**Provided records**.
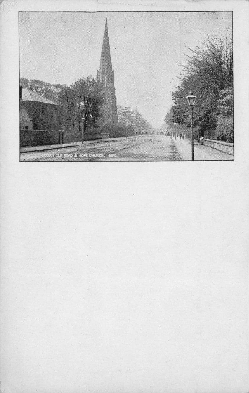 NP150 Antique unusual postcard with this unique small picture of Eccles Old Road on the postcard so the sender could write a long message including on the front too - appears to date circa 1910 unused and truly excellent condition.
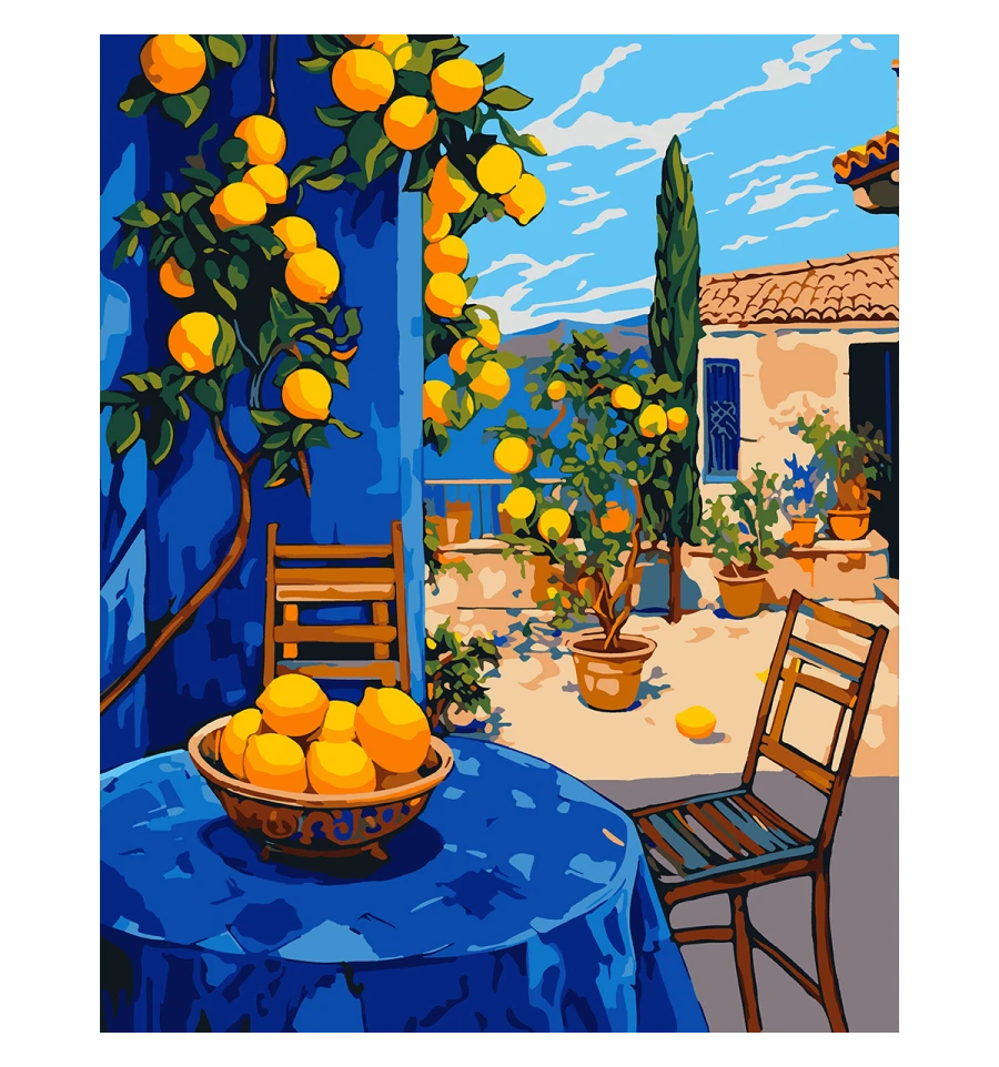 Картина за номерами ТМ SANTI Лимонний дворик - це прекрасна можливість захопливо провести час, розвинути творчі здібності та створити вражаючий витвір мистецтва власними руками, а також чудовий подарунок для себе чи своїх близьких!
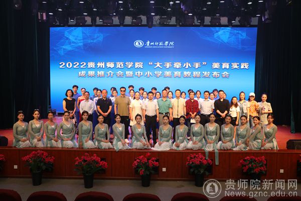 本网讯 为全面贯彻习近平总书记关于教育的重要论述,认真落实省委、省政府印发《关于全面加强和改进新时代学校美育工作的实施意见》文件精神,厚植“美的教育”理念,6月29日下午,万象城网页版举行了“大手牵小手”美育实践成果推介会暨中小学美育教程发布会。省教育厅体卫艺处副处长(主持工作)曾洪波,贵州省舞蹈家协会原主席沈毅,贵州省民族歌舞团原团长高聪,我校党委委员、副校长邹晓青,教务处处长邓琴,美育研究中心主任、美术与设计学院院长聂森,音乐舞蹈学院党委书记付巧、院长马关辉以及乌当区、云岩区教育主管部门相关领导,文化部门相关领导,艺术界相关人士和部分中小学校长与教师代表。
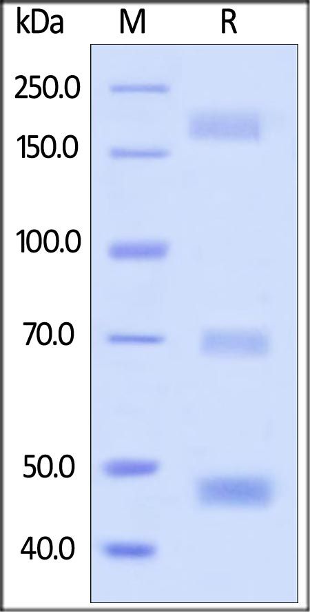 This protein carries a polyhistidine tag at the C-terminus. The protein has a calculated MW of 53.8 kDa. Two main fragments bands are visible with apparent MW of 57-65 kDa and 35-40 kDa respectively in reduced SDS-PAGE as a result of its being prone to proteolytic cleavage.
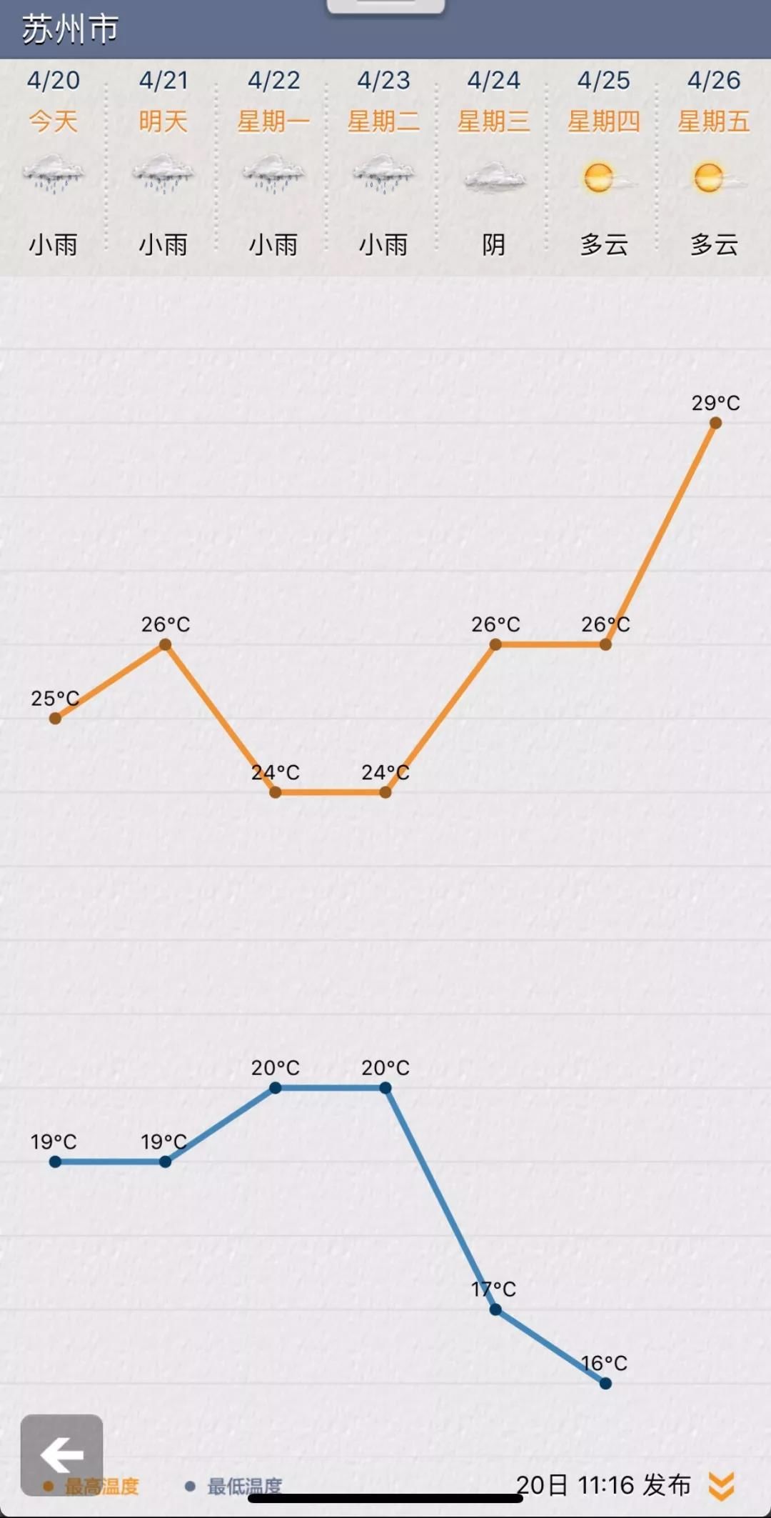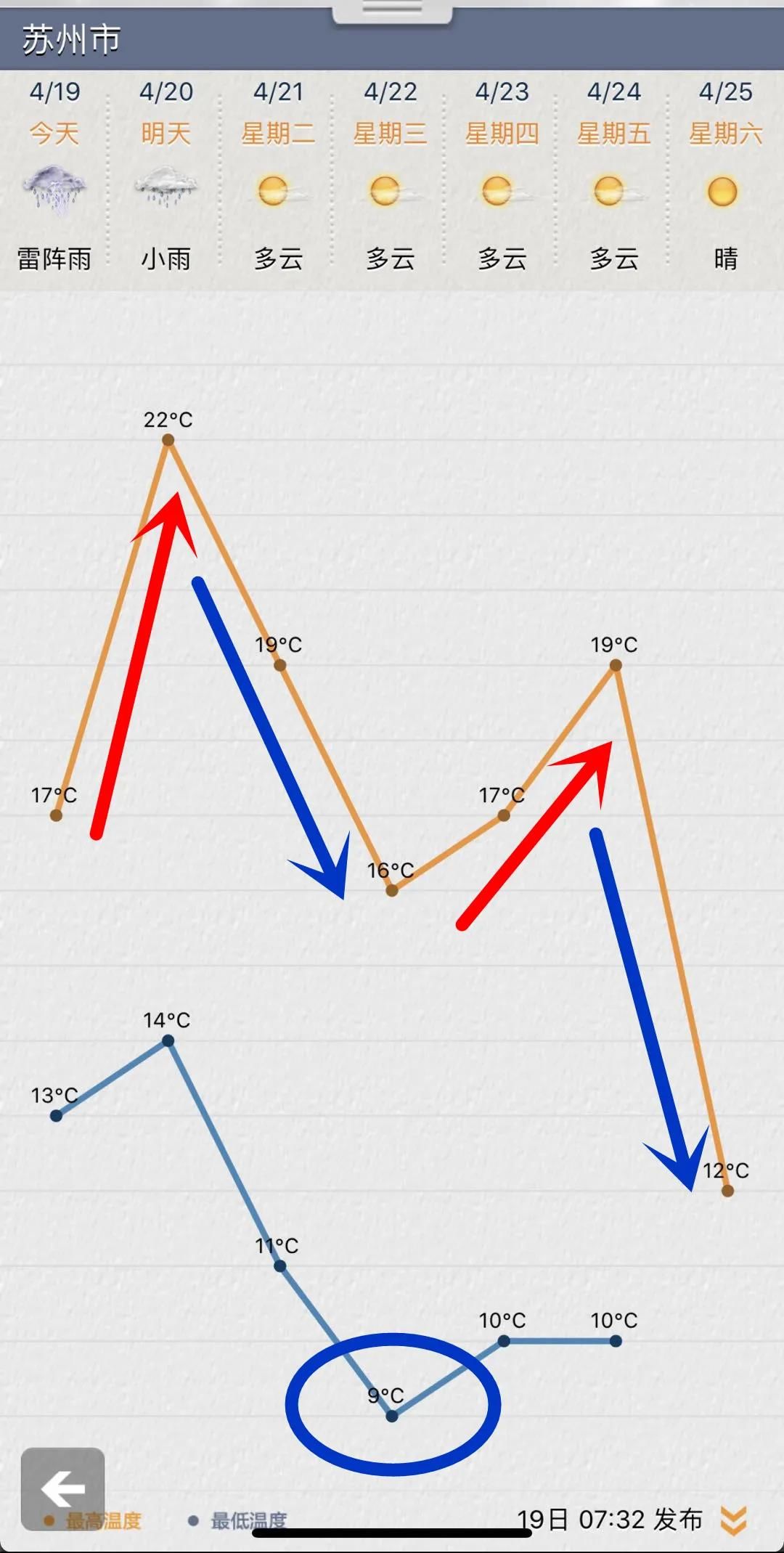 下周二起,受新一股冷空气的影响,苏州的气温又将进入过山车模式,4月22日的最低温度,将跌回个位数——9℃。而4月25日,最高温度仅为12℃,跟明天相比,相差近10℃左右。

**What is expected**. Your answer should be the exact lines above from the one containing "Картина за номерами" through the one containing "本网讯 为全面贯彻习近平总书", with both end lines kept and the pictures removed, please.

**Task solution**.
 Картина за номерами ТМ SANTI Лимонний дворик - це прекрасна можливість захопливо провести час, розвинути творчі здібності та створити вражаючий витвір мистецтва власними руками, а також чудовий подарунок для себе чи своїх близьких!
 本网讯 为全面贯彻习近平总书记关于教育的重要论述,认真落实省委、省政府印发《关于全面加强和改进新时代学校美育工作的实施意见》文件精神,厚植“美的教育”理念,6月29日下午,万象城网页版举行了“大手牵小手”美育实践成果推介会暨中小学美育教程发布会。省教育厅体卫艺处副处长(主持工作)曾洪波,贵州省舞蹈家协会原主席沈毅,贵州省民族歌舞团原团长高聪,我校党委委员、副校长邹晓青,教务处处长邓琴,美育研究中心主任、美术与设计学院院长聂森,音乐舞蹈学院党委书记付巧、院长马关辉以及乌当区、云岩区教育主管部门相关领导,文化部门相关领导,艺术界相关人士和部分中小学校长与教师代表。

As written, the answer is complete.